If I can sum it up, anything that you do to hammer out some sort of stability and security in your life, is simply the ego. Because, by definition, such drives are the reaction to instability and insecurity, and only a child, or one who is pathologically hung up in a primitive developmental stage, would live their lives according to these basic kinds of motivation.
The challenge is a deep one. Because even sacred motivations can become egotistical ones. The line between authentic spirituality and dogmatic religiosity demonstrates this. If we are not careful, our most treasured inspirations can themselves become masks for a childish and pathological ego.
So how do we know the difference? How can we keep this crap in check? Well, I think this is exactly why tribal cultures had rites of passage, and why some of them can seem particularly brutal to the modern, sanitised eye. They were ways of forcing the young men of the tribe through the boundaries of the ego, and into the authentic resilience of spirit.
At the heart of your masculinity lies the ability to harness the energy of change and evolution. At the heart of your masculinity, lies the ability to suffer the slings and arrows, the opinions, attacks and onslaughts of a hostile environment. When faced with death, annihilation, or simply the reality of being forced to question your previously held values and ideas about yourself, the truth of who you are pours through, if only you are willing to grasp it.
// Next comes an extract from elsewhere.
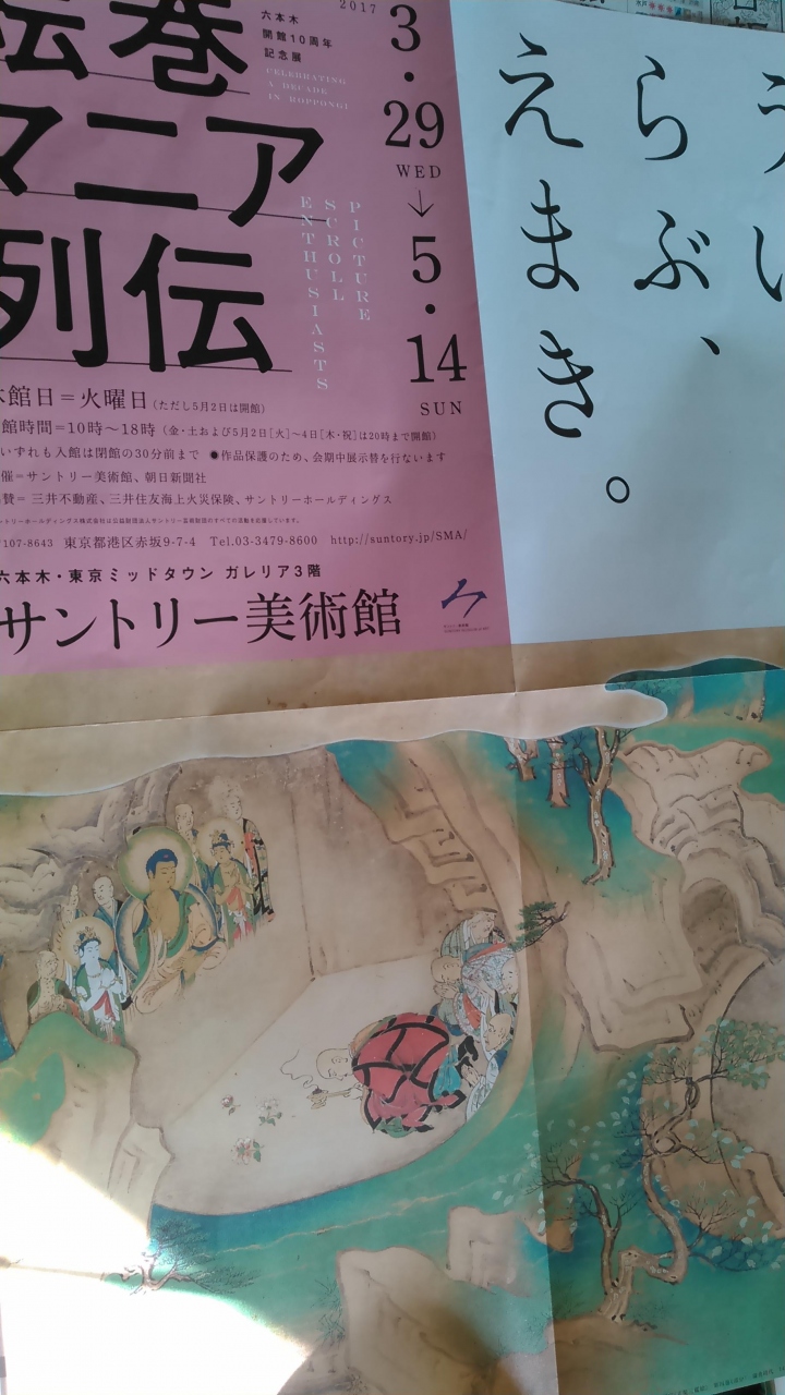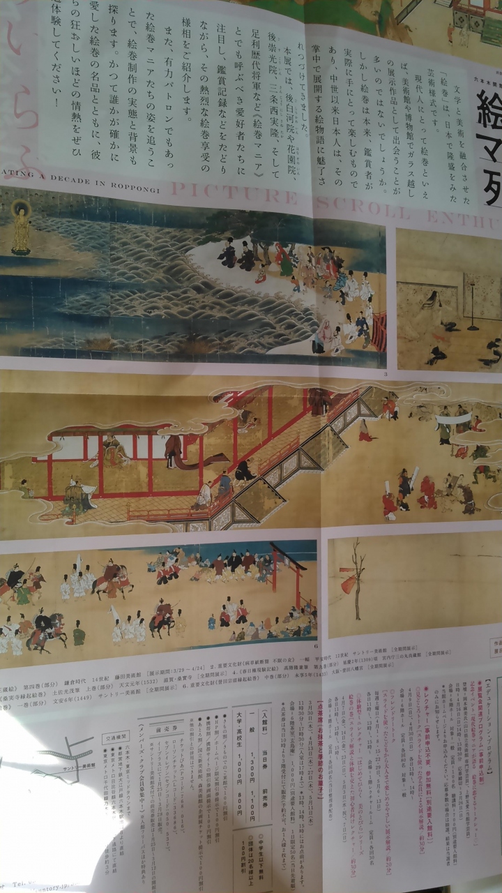 新聞屋さんのチケットが当たったので、お友達を誘って、この美術館に来ました。何度も来ていますが、乃木坂を下車して、改札口で必ず駅員さんに、場所を聞かないと、たどりつきません。ミッドタウンは11時にオープンするお店が多く、エスカレーターも動いてないので、別の風景に見えてしまいます。絵巻物は昔習ったような気がする程度の意識で鑑賞。予想外に、細かい絵、美しい彩色、来てよかったと思いました。

The truth being that whatever you are, it is more than body, than the socialised role of your culture, or everything that you thought was true about your relationship to the world. At the heart of spirituality is the realisation that we are more than we thought we were. That the only truth about being a human being, is that we are a constantly evolving manifestation of the shifting energy of life itself, and any notion of the self that falls short of that is a delusion, a fixation of stubborn childishness.